The App SDK is the developer-facing product surface for building apps on GPUaaS. Its purpose is to let app teams declare runtime needs, publish trusted artifacts, operate app instances, and integrate with GPUaaS identity, billing, audit, and lifecycle controls without patching platform-core code.

Shipped Reference Proof

The SDK path already has real implementation proof, not only documentation:

Proof pointWhat it shows
cmd/slurm-reference-controller/main.goscheduler-grade runtime lifecycle and reconcile behavior on platform contracts
cmd/rke2-self-managed-controller/main.gocluster bootstrap and member/runtime operations on the same app-platform path

This does not mean every future app flow is productized equally well yet.

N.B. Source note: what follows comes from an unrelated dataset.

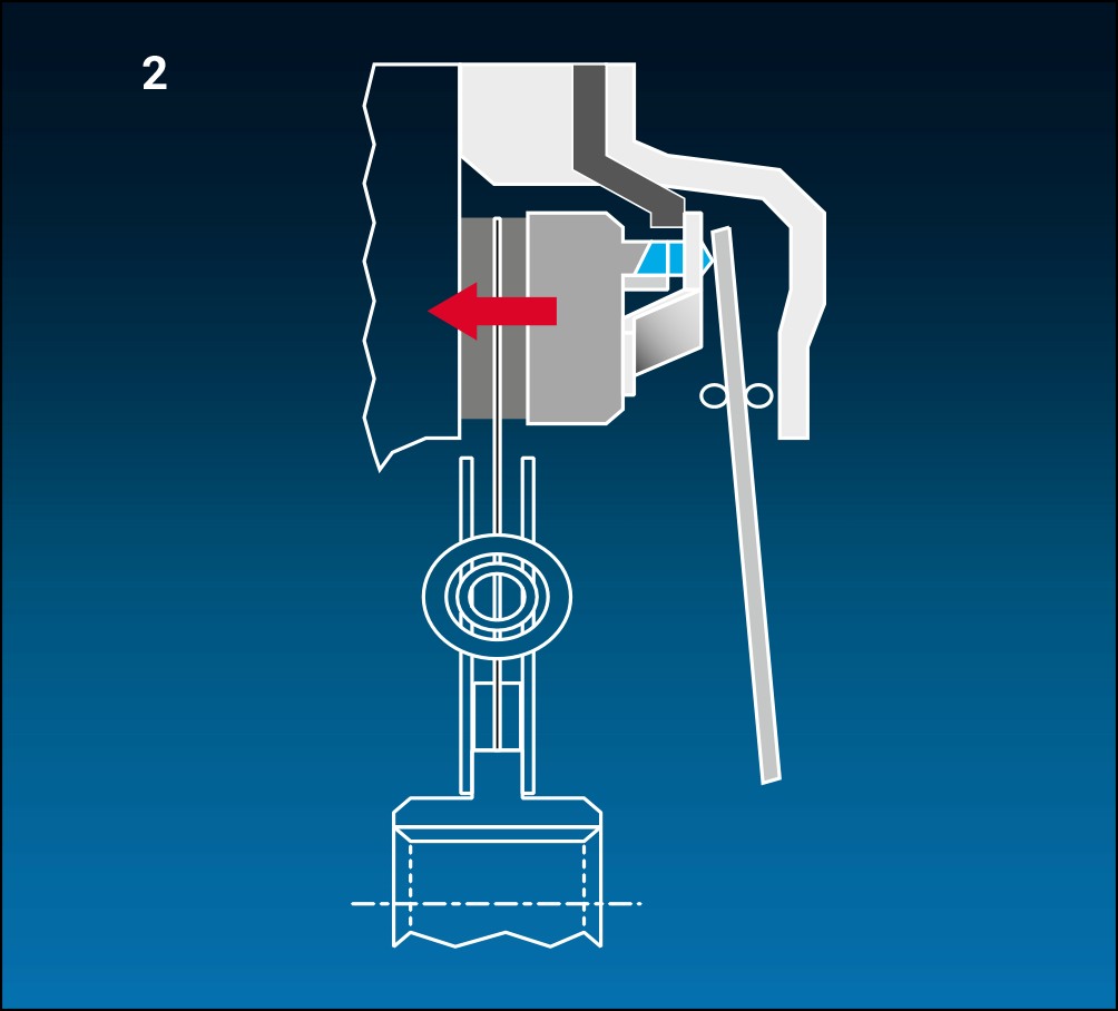 Stopperul ridică arcul de reținere de la inelele de reglare, iar glisorul reduce spațiul. (Fig 6)

It does mean the platform should stop describing the whole App SDK surface as if it were still conceptual.

Composition Model

The SDK is not “one helper library.” It is the boundary that lets app teams reuse platform authority without patching product-core behavior.

What GPUaaS Owns

  • Identity, IAM, tenant and project hierarchy.
  • App catalog, entitlements, app instances, and shared runtime resources.
  • Allocation lifecycle, placement primitives, billing attribution, and audit.
  • Credential custody and delivery through supported platform paths.
  • Common UX shell, API contracts, and evidence/correlation surfaces.

What The App Team Owns

  • Runtime-specific controller logic.
  • Runtime bootstrap, reconcile, health, recovery, and teardown behavior.
  • App-specific operational knowledge and failure handling.
  • Manifest metadata, version metadata, and artifact package discipline.

Developer Mental Model

Catalog and entitlement
-> app is visible and allowed for a project

App instance or shared runtime
-> durable control-plane resource owned by a project or tenant

App-owned worker/operator
-> runtime-specific reconcile loop using public APIs

Runtime/data plane
-> Slurm, Ray, MLflow, model gateway, notebook, or another app runtime

Contract Rules

  • Build against public APIs and committed contracts, not internal Go packages.
  • Do not assume database access or undocumented routes.
  • Express behavior through declared capabilities, endpoint types, auth pattern, lifecycle hooks, and manifest fields.
  • Treat closed enums as platform commitments; add new values deliberately.
  • Keep app-specific runtime intelligence outside platform core unless it becomes a reusable primitive.

Change Classification

Every app-facing change should name its class before implementation.

ClassBelongs inExamples
Runtime fixruntime/controller/backend owning layerapp route reconciliation, artifact selection bugs, node-task reconciliation, runtime readiness
Catalog or manifest changeApp SDK and manifest contractports, health paths, route intent, auth mode, connect actions, launch defaults
SDK/developer contract changeSDK examples, validators, portal, smoke testsservice-account expectations, artifact promotion, launch/connect/decommission flows, developer-visible failure behavior

The SDK should become the app developer contract plus validation harness. Backend runtime implements that contract; seed data should not be the only place where app behavior lives.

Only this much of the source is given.